Could you retype exactly the lines below between the one holding "4、在分享選項中選擇微信渠道" and the one holding "- MS Bathroom", inclusive, leaving out any pictures?

EXERCISE DATA:
────────────────────

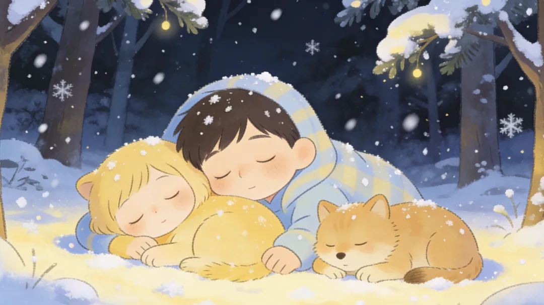 而现实里,松针森林的冬夜依旧宁静,雪花轻轻飘落,盖在熟睡的点点身上,像一床温暖的被子。挂在橡树上的玻璃星,在月光下闪烁着,守护着这个曾经内疚的小家伙,也守护着每一个愿意接纳不完美的温柔灵魂。
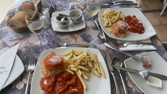 Mittagessen nach Auswahl, Curryhuhn mit Sticks
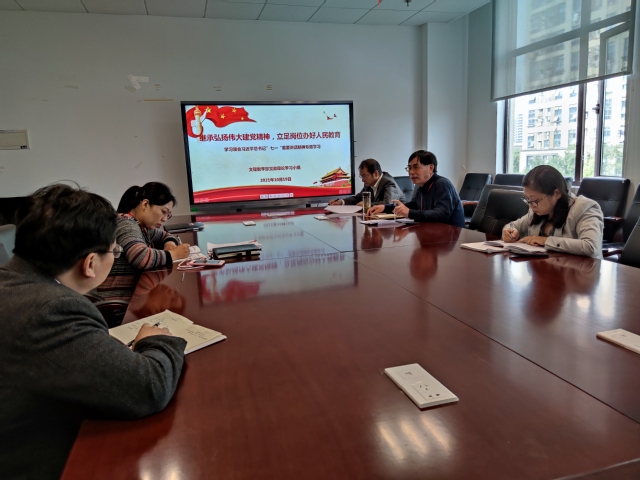 为深入学习领会习近平总书记“七一”重要讲话精神,文理教学部党政理论小组于10月19日中午召开了“继承弘扬伟大建党精神,立足岗位办好人民教育”的党政理论学习专题会,会议由党支部书记秦禹权主持,教学部党政班子和支委会成员参加,结合自身实际和分管工作,交流学习心得体会。
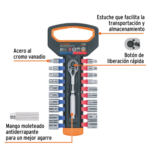 Juego de dados mm y std con matraca, cuadro 1/4′, Truper
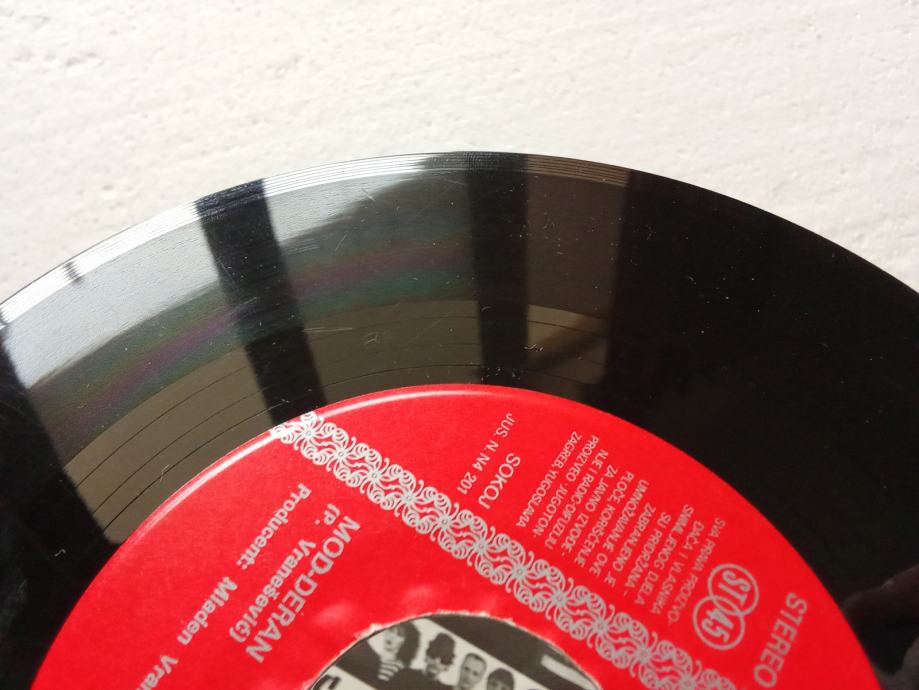 Pogledajte priložene fotografije oglašenog primjerka i YouTube video, koji sadrži iste fotografije i autentičnu snimku zvuka s početka prve strane, napravljenu amaterskom opremom. Ploča je u potpunosti slušana neposredno prije oglašavanja, svira bez preskoka igle i stalno daje zvuk otprilike onakav kakav je u spomenutoj snimci, ovisno o kvaliteti opreme kojom se zvuk reproducira. Glede ogrebotina, postoje mnoge, sve su plitke i ne izazivaju pucketanje. Uzdužna oštećenja brazdi su mjestimično vidljiva, uzrokuju tiho pucketanje i zanemarivu distorziju zvuka. Rubovi omota nisu probijeni.
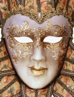Jolly D’AlcamoĀ authentic venetian mask in papier mache. Handcrafted according to the original Venice carnival tradition. Manifactured in Venice by the famous venetian masters. Each item is provided with certificate of authenticity.
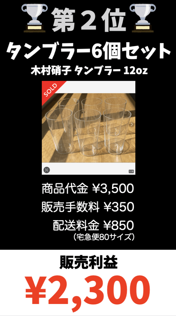 グラスセットが2セット売れました。商品代金はそこそこ高いんですが、配送方法が宅急便80サイズで送料850円かかるのがちょっと痛いです😭
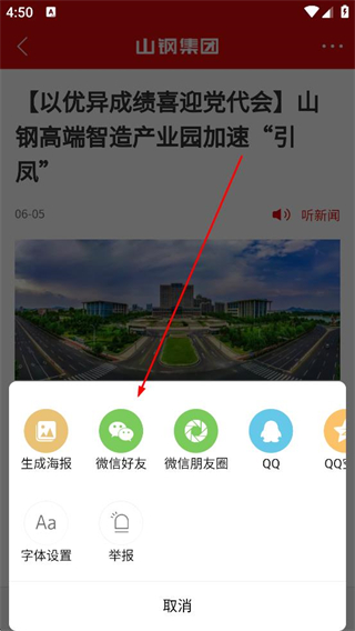 4、在分享選項中選擇微信渠道,完成操作將新聞分享出去,也可選擇生成海報或調整字體樣式等功能。
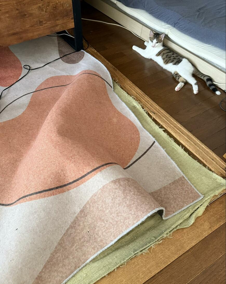 猫がいそうなカーペットを踏まないようにしていた飼い主さんのエピソードがXで注目を集めています。投稿したのは、Xユーザーの「@00shitemita」さんです。
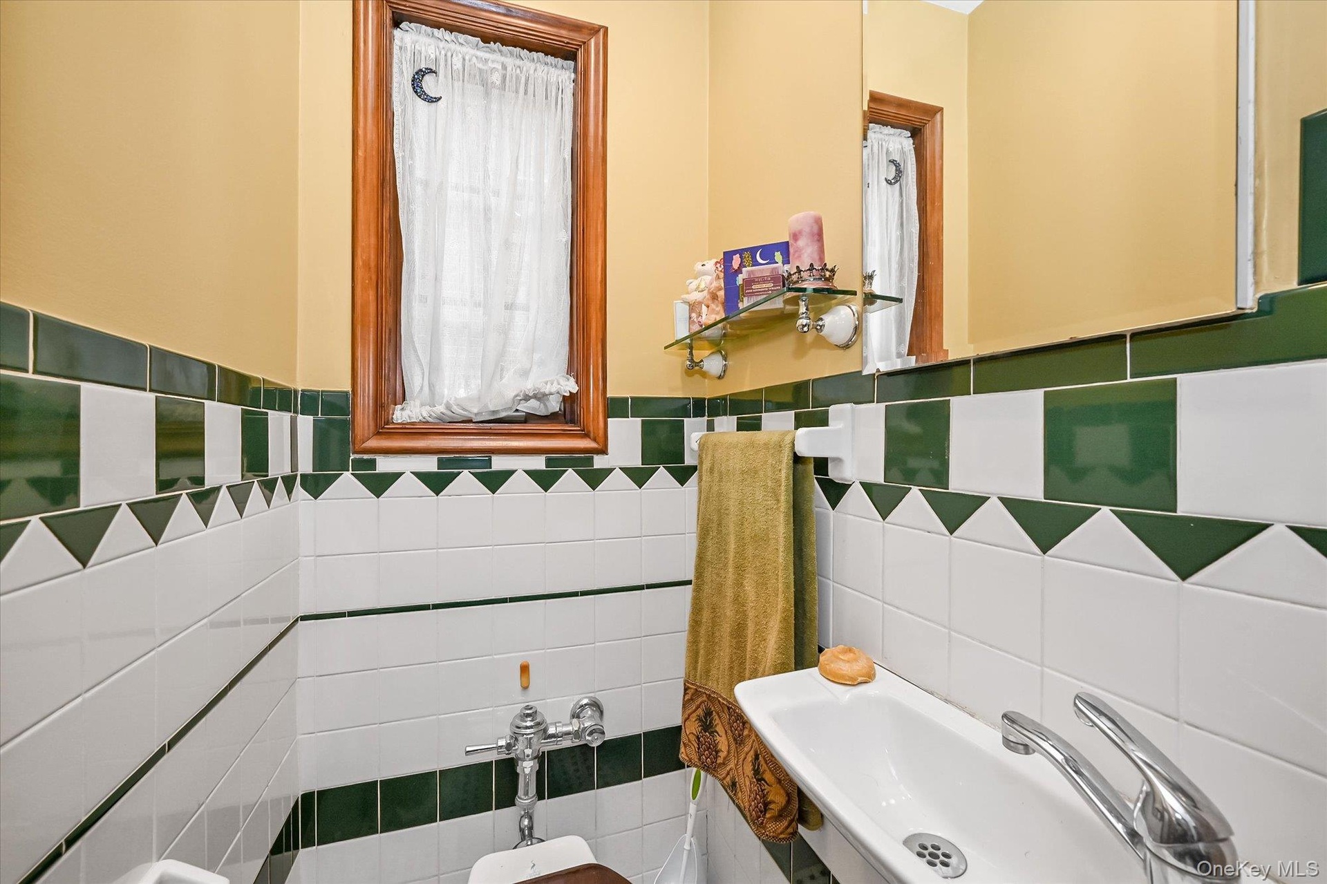 - MS Bathroom with tile wall and floor, a new porcelain sink and tub, stain glass window
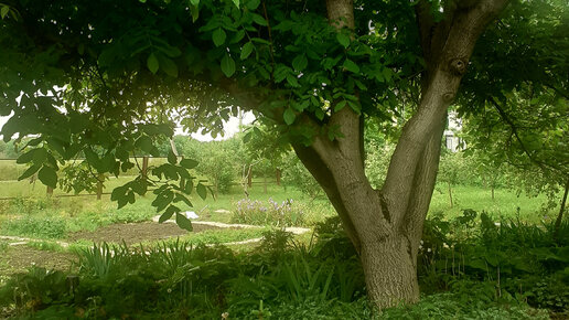 Есть ли жизнь под орехом? На эту тему любят поспорить не только садоводы и дачники. У кого-то под орехом не заводятся даже сорняки (вот же счастье привалило), а у кого-то посажены пионы (недавно вот узнала) и даже хорошо себя чувствуют. Моя садотворческая мысль до такого ещё не дошла, (чтобы поселить пион под сенью раскидистой кроны), но много чего другого у меня там живёт и здравствует. Делаю вывод - (основанный на собственном многолетнем практическом опыте) - под орехом жизнь есть! Под моим, и не одним, так уж точно! Орех у нас хозяин подворья, естественный шатёр и беседка...
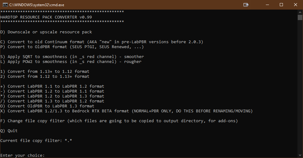 - There you can select which option you’d like to convert to. In this example I’ll use the 1.12 converter. Type 1 then press enter.
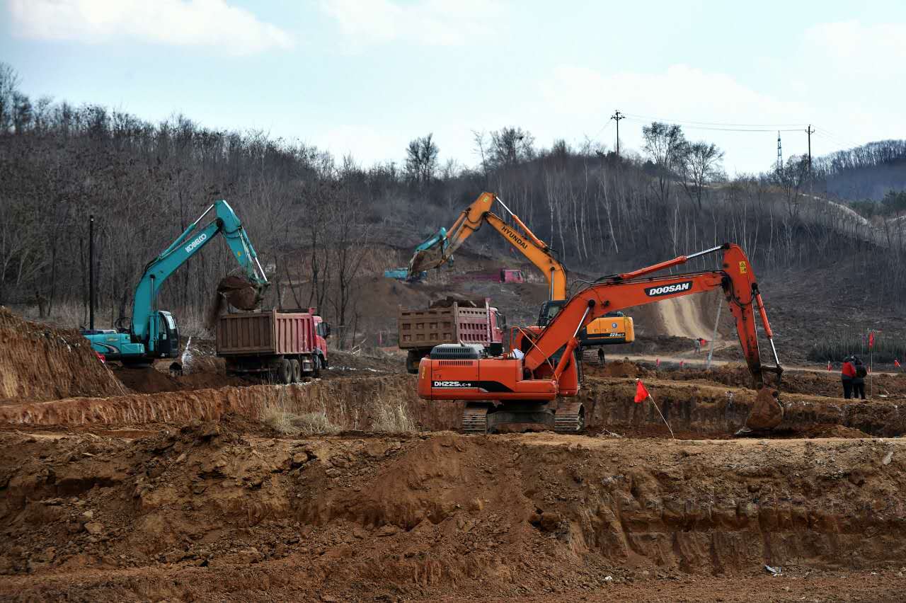 御龍山溫泉度假村項目已于3月初開工,目前處于平整土地階段,出動機械車輛20余臺,平均每天運送土石方6000立。
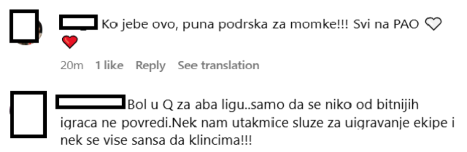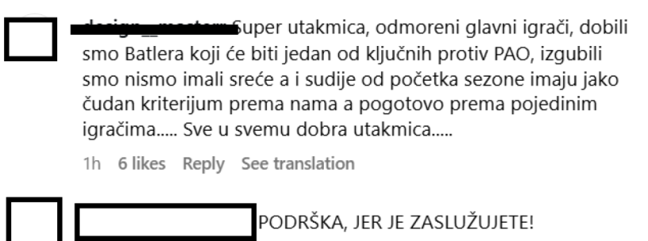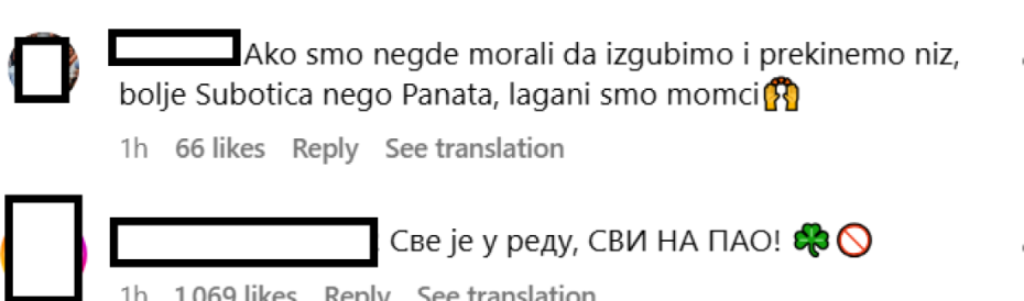 "Ako smo negde morali da izgubimo i prekinemo niz, bolje Subotica nego Panata, lagani smo momci", "Super utakmica, odmoreni glavni igrači, dobili smo Batlera koji će biti jedan od ključnih protiv PAO, izgubili smo nismo imali sreće a i sudije od početka sezone imaju jako čudan kriterijum prema nama a pogotovo prema pojedinim igračima..... Sve u svemu dobra utakmica.....", "Svaka čast Spartaku ove sezone. Igraju odličnu košarku, imaju karakter i ne odustaju i ne respektuju nikoga", "Nema veze gazimo Panatu", "Lagano, samo da se vrati Nvora i da pobedimo panatu","Koga bole... Kodi i Moneke odmorili, Batler se polako uveo... Kada ovde bude bitno igraće svi, sada se pobede u EL skupljaju", komentari su navijača na Instagram profilu.
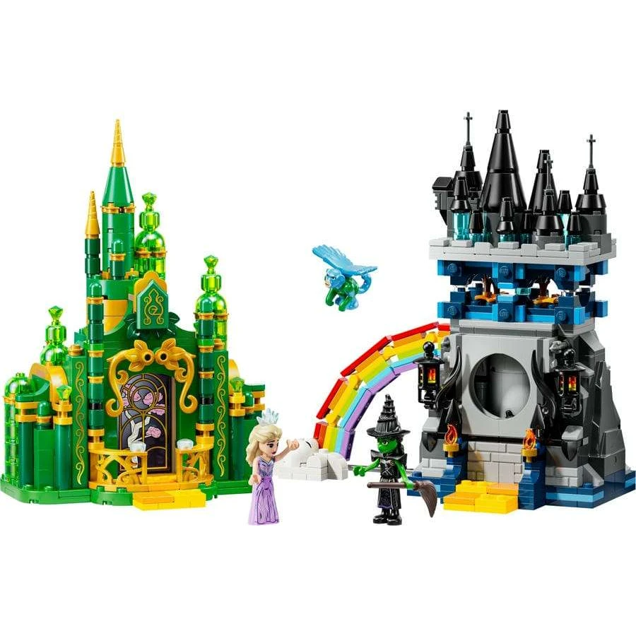 • Dárek LEGO® Wicked – Emerald City a zámek Kiamo Ko obsahuje 2 stavebnice s minipanenkami LEGO Wicked Elphaby a Glindy, figurku létající opice a sestavitelnou duhu

────────────────────

ANSWER TO THIS TASK:
 4、在分享選項中選擇微信渠道,完成操作將新聞分享出去,也可選擇生成海報或調整字體樣式等功能。
 猫がいそうなカーペットを踏まないようにしていた飼い主さんのエピソードがXで注目を集めています。投稿したのは、Xユーザーの「@00shitemita」さんです。
 - MS Bathroom with tile wall and floor, a new porcelain sink and tub, stain glass window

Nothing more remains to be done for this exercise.